(EXTRACTED RECORDS)

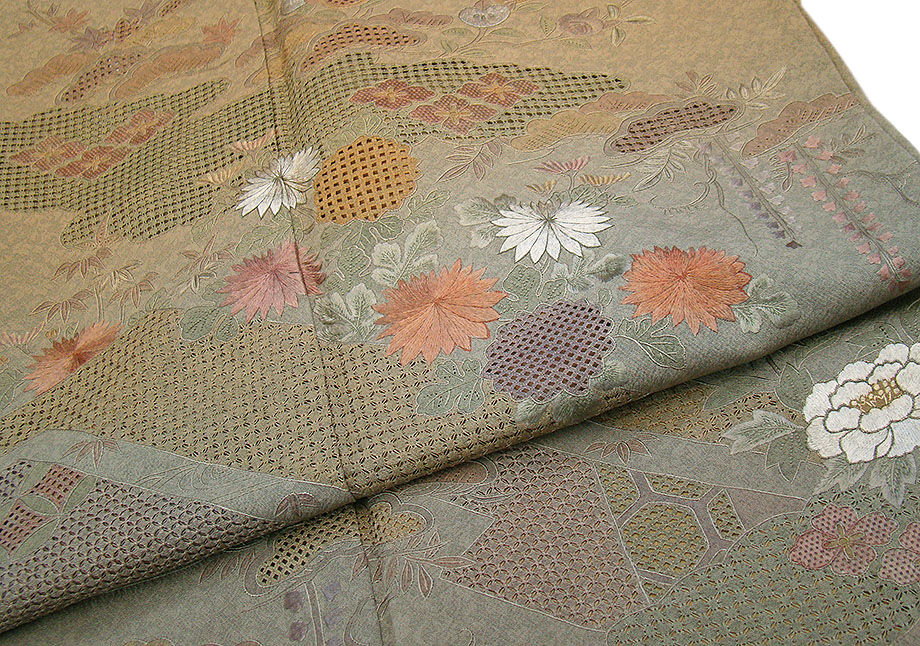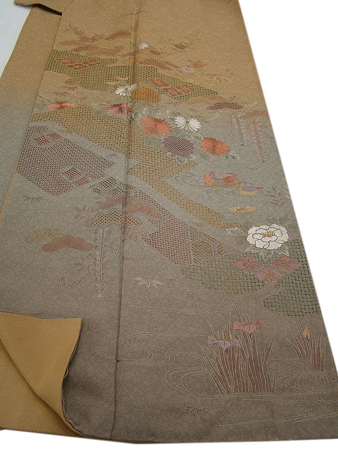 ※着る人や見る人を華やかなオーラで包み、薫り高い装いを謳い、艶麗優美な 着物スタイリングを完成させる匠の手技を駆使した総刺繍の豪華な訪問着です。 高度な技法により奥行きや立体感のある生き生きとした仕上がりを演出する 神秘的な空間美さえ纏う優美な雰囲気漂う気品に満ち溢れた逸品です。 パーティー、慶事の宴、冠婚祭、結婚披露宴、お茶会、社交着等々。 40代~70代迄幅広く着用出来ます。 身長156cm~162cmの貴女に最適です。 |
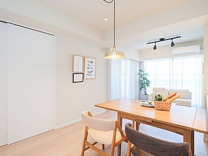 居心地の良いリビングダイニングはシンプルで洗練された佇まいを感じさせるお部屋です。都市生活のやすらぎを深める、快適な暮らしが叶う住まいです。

(End EXTRACTED RECORDS)
(EXTRACTED RECORDS)

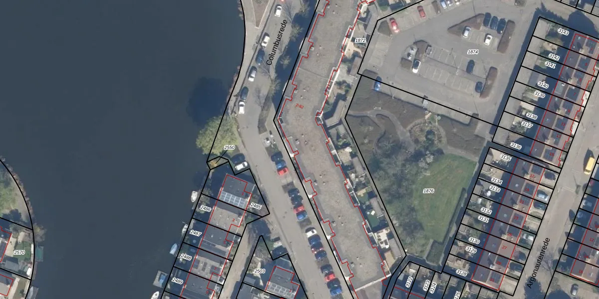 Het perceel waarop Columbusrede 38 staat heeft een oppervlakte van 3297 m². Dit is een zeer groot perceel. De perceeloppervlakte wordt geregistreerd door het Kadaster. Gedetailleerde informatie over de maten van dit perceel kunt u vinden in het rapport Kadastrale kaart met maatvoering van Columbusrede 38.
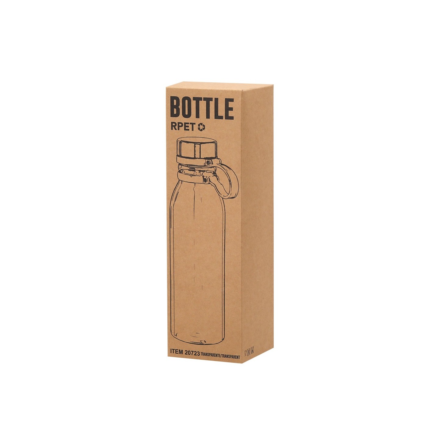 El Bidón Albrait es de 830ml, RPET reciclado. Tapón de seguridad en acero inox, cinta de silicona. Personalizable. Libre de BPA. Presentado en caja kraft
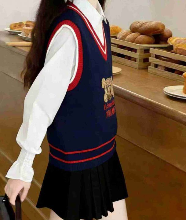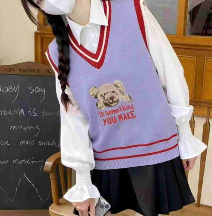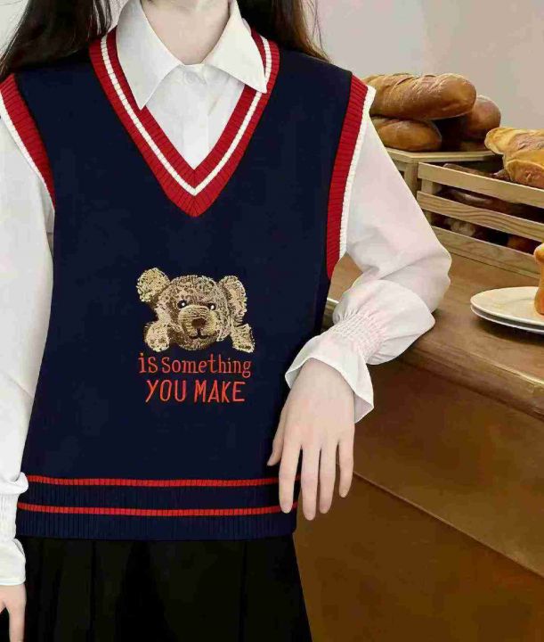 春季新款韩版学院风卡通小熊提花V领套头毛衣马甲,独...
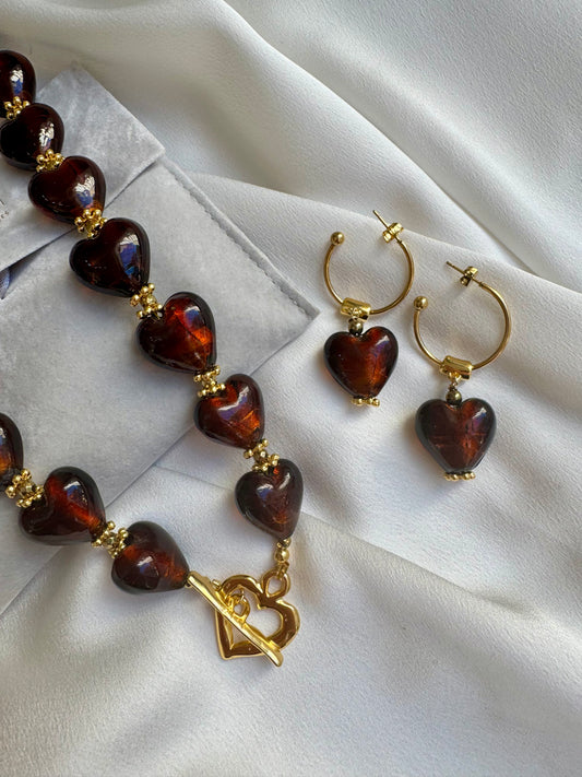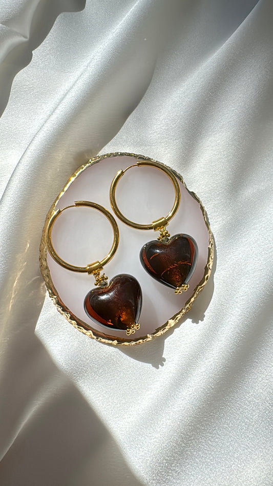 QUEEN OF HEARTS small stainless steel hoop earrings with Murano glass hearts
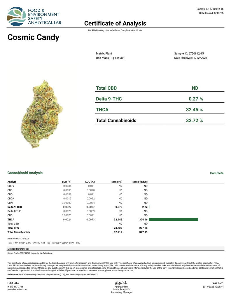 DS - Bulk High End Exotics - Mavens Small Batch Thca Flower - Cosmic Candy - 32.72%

(End EXTRACTED RECORDS)

### PROMPT
Take the material above and output only the lines from the one that contains "El Bidón Albrait" through the one that contains "DS - Bulk High", ends included and images left out.

### RESPONSE TO THE TASK
 El Bidón Albrait es de 830ml, RPET reciclado. Tapón de seguridad en acero inox, cinta de silicona. Personalizable. Libre de BPA. Presentado en caja kraft
 春季新款韩版学院风卡通小熊提花V领套头毛衣马甲,独...
 QUEEN OF HEARTS small stainless steel hoop earrings with Murano glass hearts
 DS - Bulk High End Exotics - Mavens Small Batch Thca Flower - Cosmic Candy - 32.72%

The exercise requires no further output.